*Work item*
Throughout the material, some lines may have the word "Aerobics". Count them and give the number only.

━━━

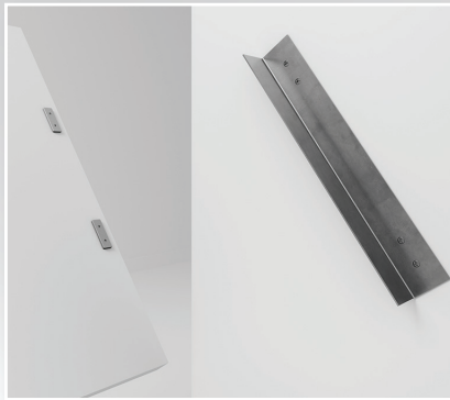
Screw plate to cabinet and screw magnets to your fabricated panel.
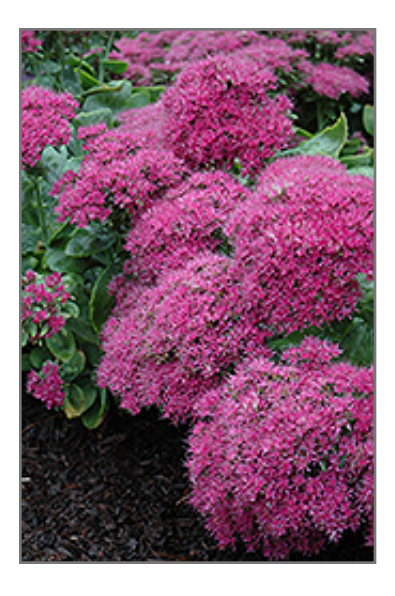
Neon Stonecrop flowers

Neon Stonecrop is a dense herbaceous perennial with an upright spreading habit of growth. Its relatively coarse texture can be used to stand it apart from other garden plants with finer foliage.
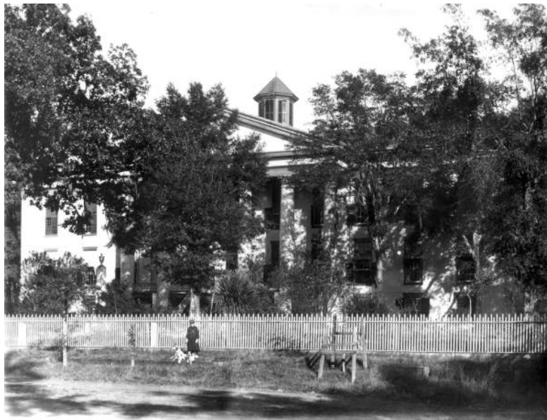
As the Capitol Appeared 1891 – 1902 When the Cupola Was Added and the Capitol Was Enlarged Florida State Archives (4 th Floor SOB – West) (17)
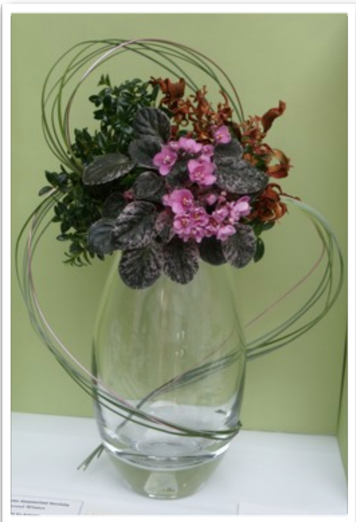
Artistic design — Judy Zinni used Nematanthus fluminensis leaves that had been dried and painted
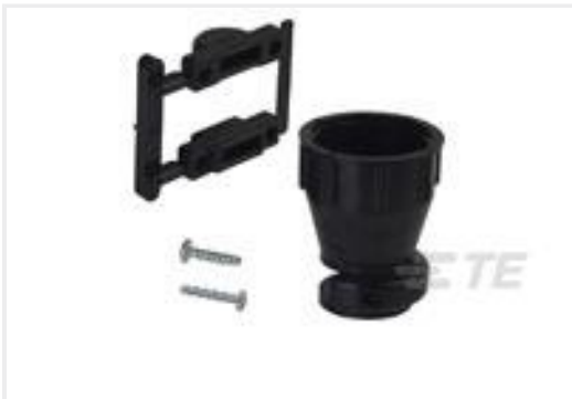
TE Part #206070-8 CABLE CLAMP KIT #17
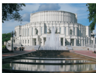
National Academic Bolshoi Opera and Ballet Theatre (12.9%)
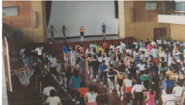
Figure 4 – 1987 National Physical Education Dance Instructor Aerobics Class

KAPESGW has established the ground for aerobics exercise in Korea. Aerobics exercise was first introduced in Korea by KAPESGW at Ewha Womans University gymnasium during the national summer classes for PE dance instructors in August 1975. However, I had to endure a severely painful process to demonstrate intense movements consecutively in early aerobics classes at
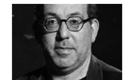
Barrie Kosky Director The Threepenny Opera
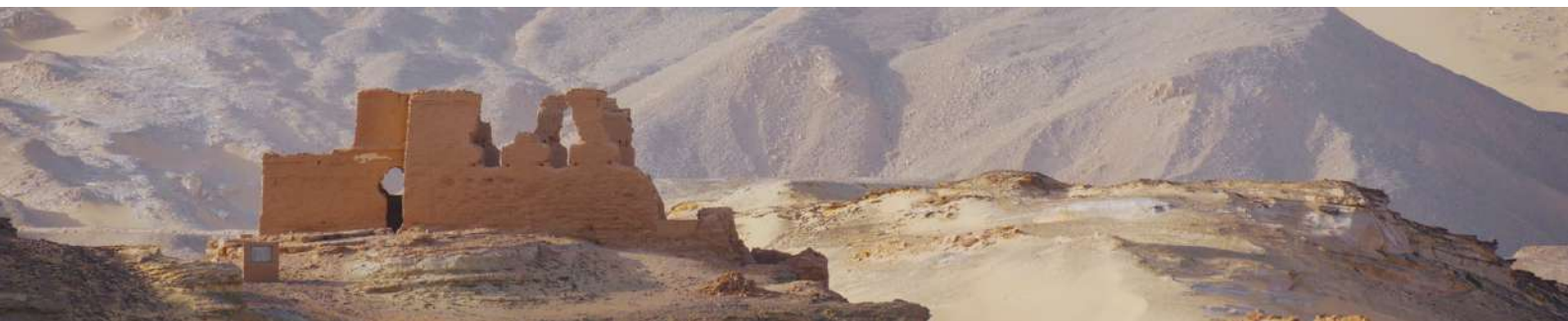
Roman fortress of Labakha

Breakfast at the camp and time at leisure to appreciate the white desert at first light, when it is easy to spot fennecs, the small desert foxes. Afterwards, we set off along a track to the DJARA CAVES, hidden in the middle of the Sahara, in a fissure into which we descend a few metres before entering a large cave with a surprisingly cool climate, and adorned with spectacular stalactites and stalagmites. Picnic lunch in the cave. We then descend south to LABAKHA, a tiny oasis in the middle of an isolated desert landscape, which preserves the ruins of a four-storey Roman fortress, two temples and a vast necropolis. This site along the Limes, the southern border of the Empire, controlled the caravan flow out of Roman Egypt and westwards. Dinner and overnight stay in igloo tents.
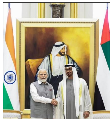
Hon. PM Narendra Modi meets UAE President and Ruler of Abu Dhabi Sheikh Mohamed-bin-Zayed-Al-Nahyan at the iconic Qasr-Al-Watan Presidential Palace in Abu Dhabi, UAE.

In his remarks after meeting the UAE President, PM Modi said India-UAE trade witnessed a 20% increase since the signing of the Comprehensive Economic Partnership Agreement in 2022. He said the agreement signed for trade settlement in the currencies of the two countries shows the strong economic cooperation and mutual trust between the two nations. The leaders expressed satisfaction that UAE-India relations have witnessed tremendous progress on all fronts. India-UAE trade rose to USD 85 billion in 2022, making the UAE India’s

━━━

*Problem solution*
2